Here's one of the more popular manufacturer's of remote-mounted hydraulic generators:

http://www.tendaire.com/product_dh_60hz.asp


----------



## Shockdoc (Mar 4, 2010)

Thanks MD, thats pretty much what I'm looking for , I'd rather keep the van running for a/c and power when I need it. right now I have a 2500 watt inverter which does'nt always do the trick. Our second van is a 90 gmc bus w/o a/c. It got a Friedrich cut through this week and the inverter not cutting . My help was happy until the battery died.


----------



## JohnR (Apr 12, 2010)

MDShunk said:


> I have one in my one truck that is Rediline. It's a DC-AC motor/generator. Isn't turned by the engine itself. Super clean sine wave.
> 
> The one's that you connect to the motor also require you to wire in some controls to the engine's computer, where there's a dash-mounted switch that will keep the RPM's steady at a certain RPM. The nicer one's typically aren't belt driven, but scab into the power steering pump and are hydraulically driven. You can pipe the hoses to anywhere on the vehicle and mount the generator there.

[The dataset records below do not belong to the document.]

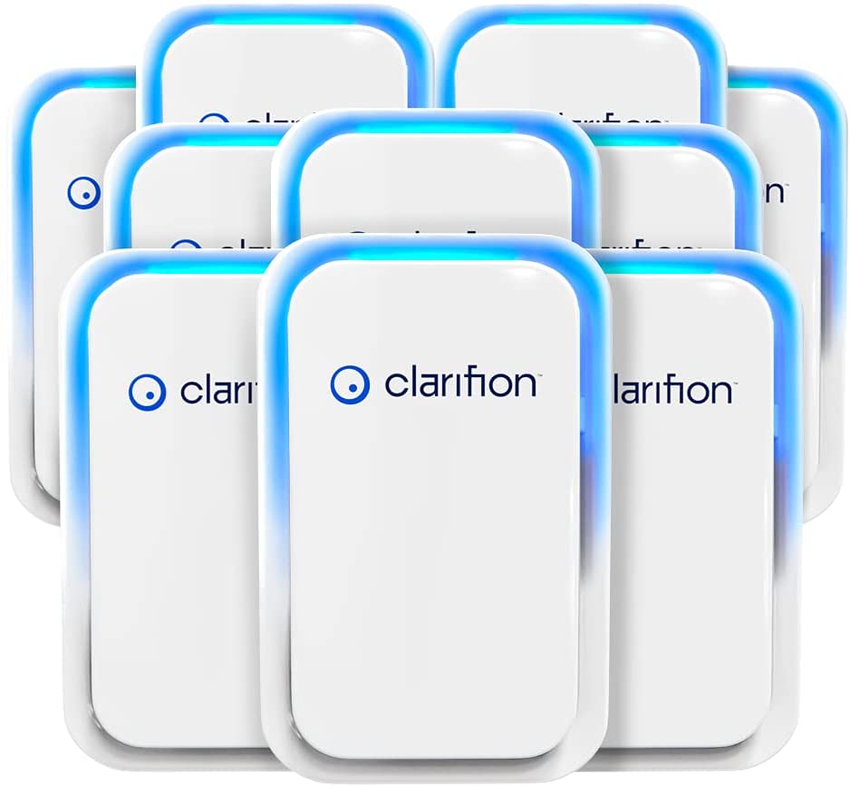 Clarifion - Negative Ion Generator with Highest Output (10 Pack) Filterless Mobile Ionizer & Travel Air Purifier, Plug in, Eliminates: Pollutants, Allergens, Germs, Smoke, Bacteria, Pet Dander & More
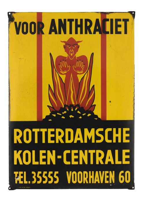 Emaille reclamebord Rotterdamsche kolen-centrale
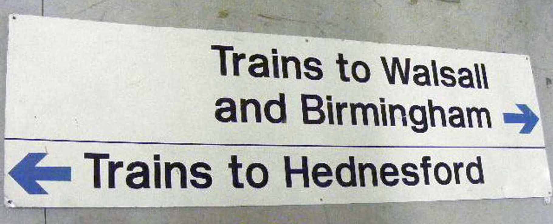 95 Platform direction sign BR ‘Trains to Walsall and Birmingham, Trains to Hednesford’ R5.B1.S1
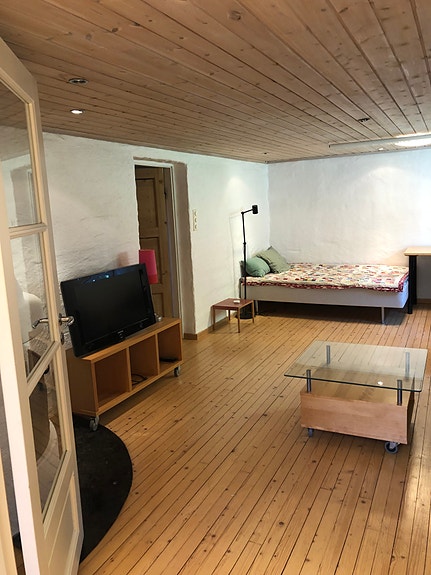 Alle hvitevarer. Møblert. Wifi inkludert. 12000 kr/mnd + strøm (egen måler). Adgang hage med sitteplass.
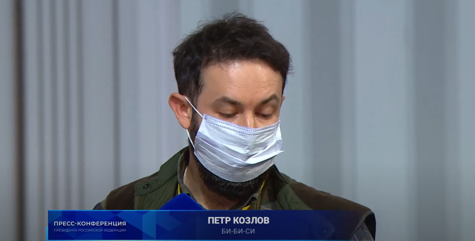 Пришел Дмитрий Песков. Напоминает о необходимости соблюдать «социальную дистанцию», менять раз в 1,5 — 2 часа маски и выключить телефоны. Обещает, что «набалдашник для микрофона» (ветрозащита) будет для каждого задающего вопрос новым. Рекомендует представляться тем, кого он не знает лично, и быть краткими.

How do you get info on the pump to find gph info? or do you install a 2nd pump?


----------



## MDShunk (Jan 7, 2007)

JohnR said:


> How do you get info on the pump to find gph info? or do you install a 2nd pump?


I would imagine that the manufacturer has that info, but I normally see them scabbed into the power steering pump. If the vehicle is medium duty or greater, you might have a PTO on the transmission to install a pump on.


----------



## BlueBox (Jul 12, 2010)

Shockdoc said:


> right now I have a 2500 watt inverter which does'nt always do the trick.

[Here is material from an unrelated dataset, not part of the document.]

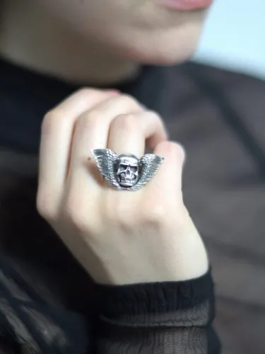 Pierścionek regulowany - Czaszka ze skrzydłami
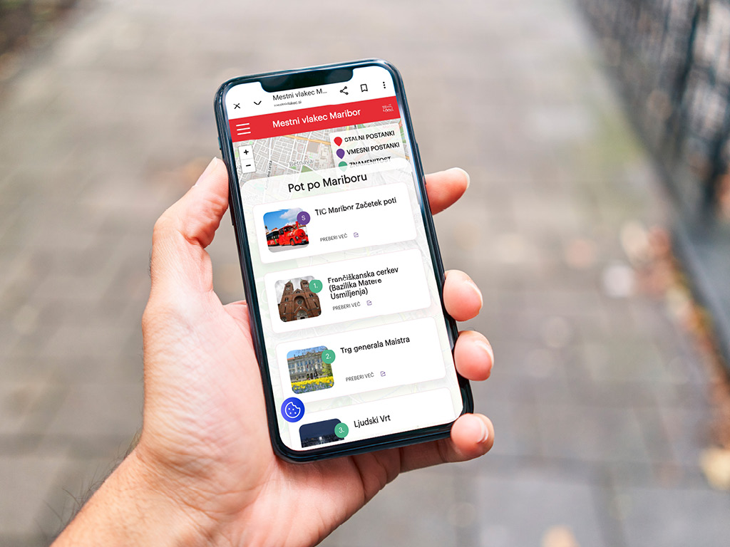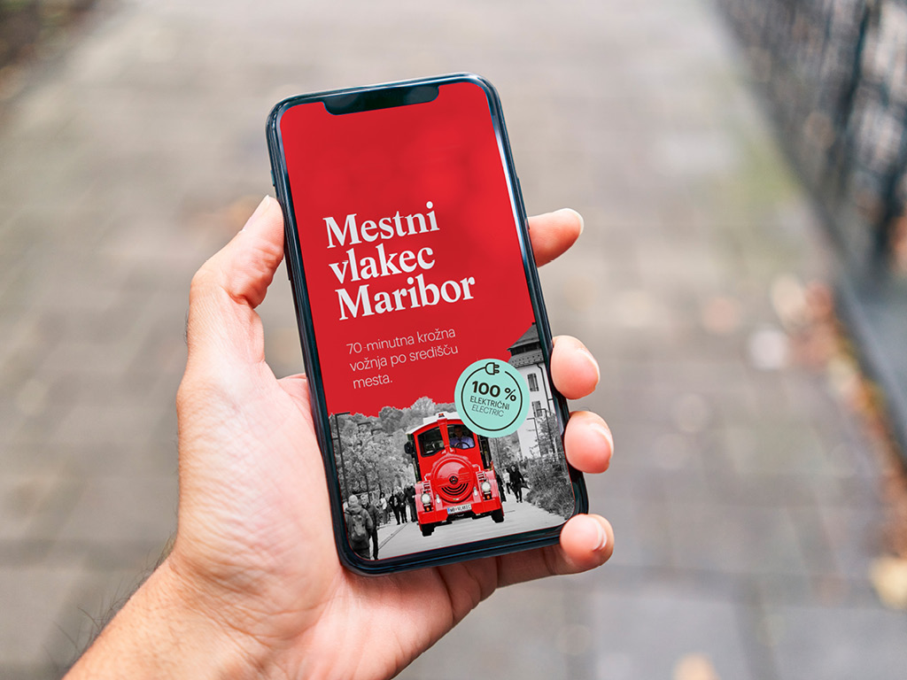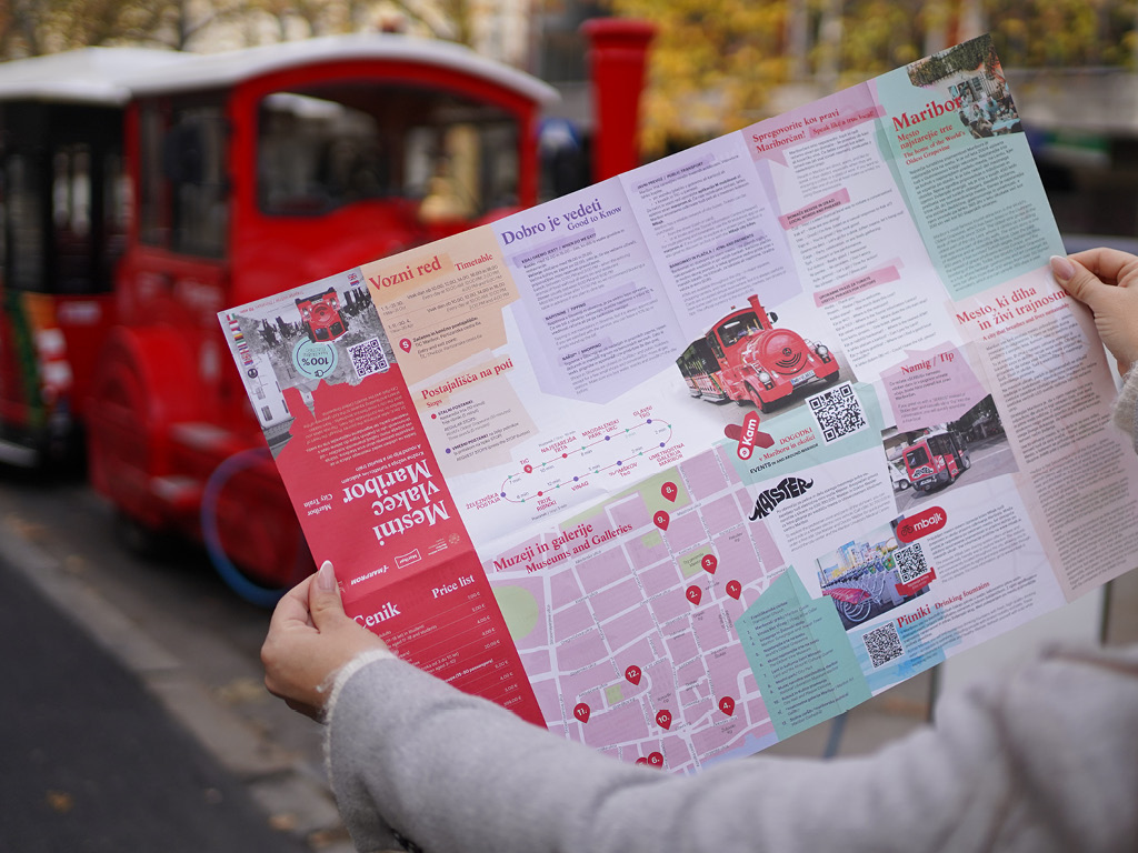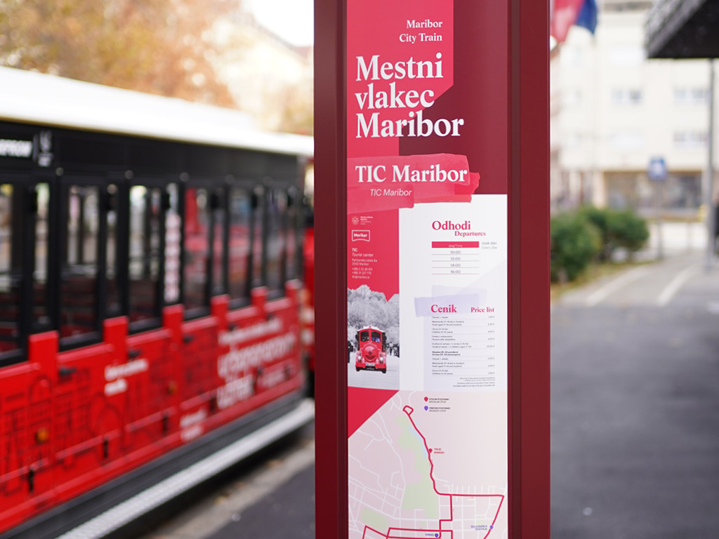 Navdih smo našli v gibanju skozi mesto. V poteh, postankih in razgledih, ki jih Mestni vlakec povezuje v smiselno celoto. Vizualni jezik izhaja iz zemljevida kot osrednjega elementa – ne zgolj kot navigacije, temveč kot povabila k odkrivanju mestnih zgodb, znamenitosti in skritih kotičkov. Celostna zasnova tako povezuje fizični prostor mesta z digitalnimi in tiskanimi mediji v enotno, prepoznavno izkušnjo. Z usklajeno uporabo barv, ikonografije in tipografije smo ustvarili sistem, ki deluje jasno v urbanem prostoru, berljivo na zaslonu in privlačno v tisku. Poleg zemljevida smo zasnovali pristajalno spletno stran, prilagojeno mobilnim uporabnikom, ki omogoča pregled poti, postajališč in dodatnih informacij. V fizičnem prostoru so komunikacijo nadgradile nalepke za toteme in nadstreške, ki zagotavljajo jasno orientacijo in prepoznavnost projekta v mestu. Celoto dopolnjujejo digitalni bannerji in tiskani plakati, zasnovani kot del enotnega vizualnega sistema.

That's a mighty big inverter to be running off a battery alone. Will the inverter power what you want with the vehicle running? If not, would installing a lager 12V alternator do the trick? It seems as if it would be a much cheaper way to go than to install a generator.


----------



## Shockdoc (Mar 4, 2010)

BlueBox said:


> That's a mighty big inverter to be running off a battery alone. Will the inverter power what you want with the vehicle running? If not, would installing a lager 12V alternator do the trick? It seems as if it would be a much cheaper way to go than to install a generator.

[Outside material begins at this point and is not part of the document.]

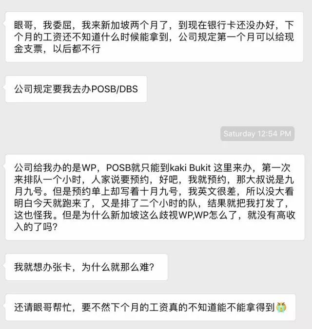 看了这位网友的问题,我们才发现,在新加坡持WP工作准证的网友,在银行开户是个问题。

The ford has a pretty good charging system and factory air, I use that one for light roughs, droplights , powertools w/ the engine running. The GMC had a weak alternator, we just had it rebuilt to a 105 amp unit, it's only a 8000 btu unit so it should handle for now. I told the driver he should shut the a/c about 10 minutes before shutting the engine just to play it safe. I got a price of $1300 for the generator so if biz keeps up good both trucks will have one by the years end


----------